Bottleneck Remover Results • This introduces potential for routing loops • When a loop is detected, the node sends another JOIN message to generate a new random route. • The bottleneck remover limits the number of entries for its children tables at a cost of increased link stress during join. • Average link stress increases from 2.4 to 2.7 and maximum increases from 4031 to 4728.
Scalability with Many Small Groups • 50,000 Scribe nodes • 30,000 Scribe group with 11 nodes per group • Average number of children entries per node is 21.2 compared to a plain (naïve) multicast average of only 6.6 • Average link stress: • 6.1 for Scribe • 1.6 for IP multicast • 2.9 for Naïve multicast • Scribe entries are higher because it creates trees with long paths and no branching.

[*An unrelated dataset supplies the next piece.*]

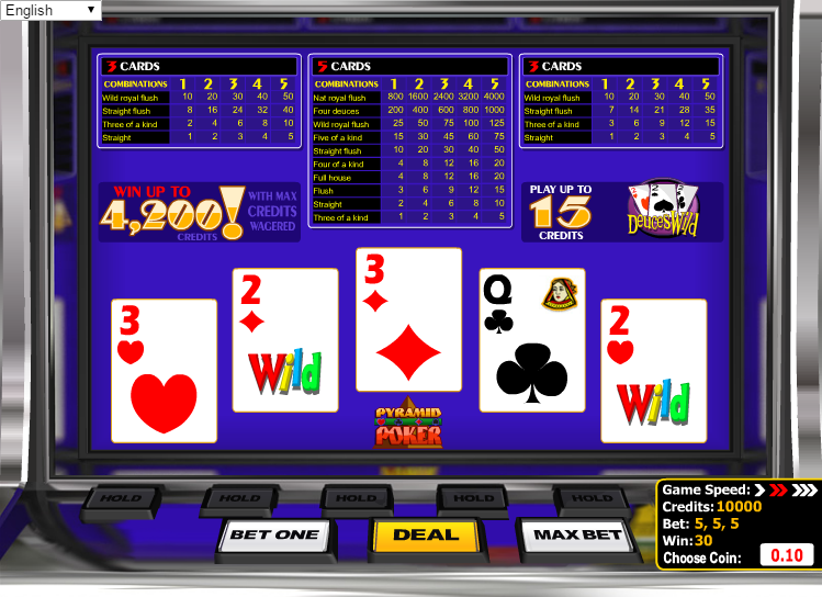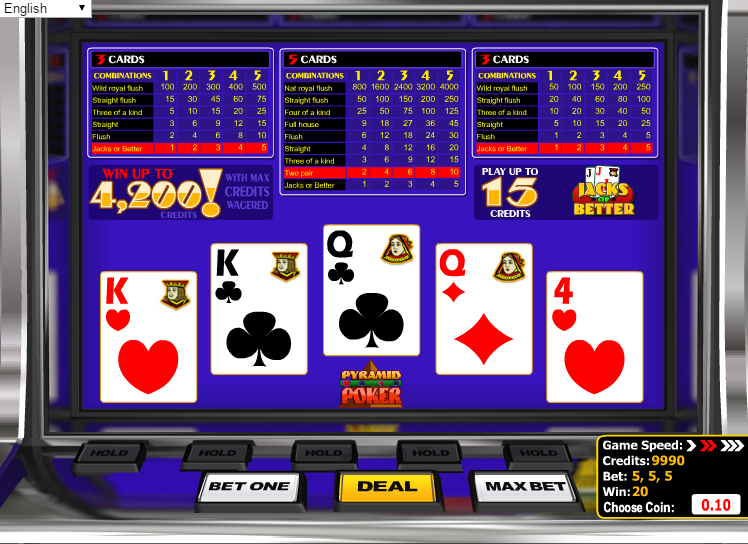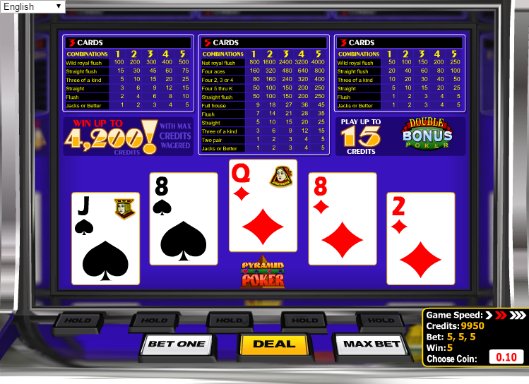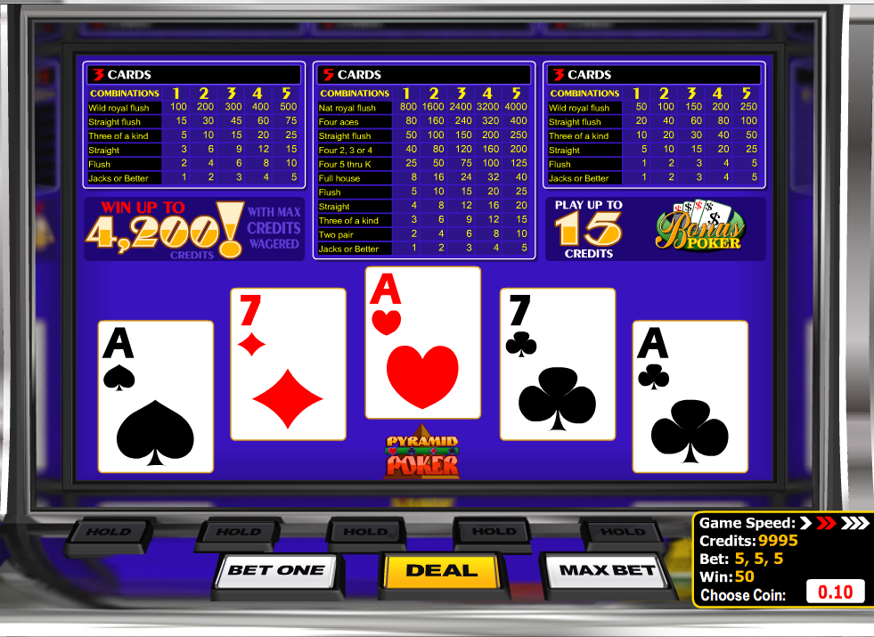 Pyramid Bonus Poker é um jogo de vídeo pôquer da BetSoft que paga de três maneiras: a mão completa de cinco cartas, as três cartas da esquerda e as três cartas da direita. Se você procura um jogo de vídeo pôquer desafiador em termos de estratégia, não há nada mais complexo do que isso.

Conclusion • Scribe is a fully decentralized and large-scale application-level multicast infrastructure built on top of Pastry. • Designed to scale to large number of groups, large group size, and supports multiple multicasting sources per group. • Scribe and Pastry’s randomized placement of nodes, groups, and multicast roots balances the load and the multicast tree. • Scribe uses a best effort delivery scheme but can be extended to guarantee more strict multicast requirements. • Experimental results show that Scribe can efficiently support large number of nodes, groups, and a wide range of group sizes compared to IP multicasting.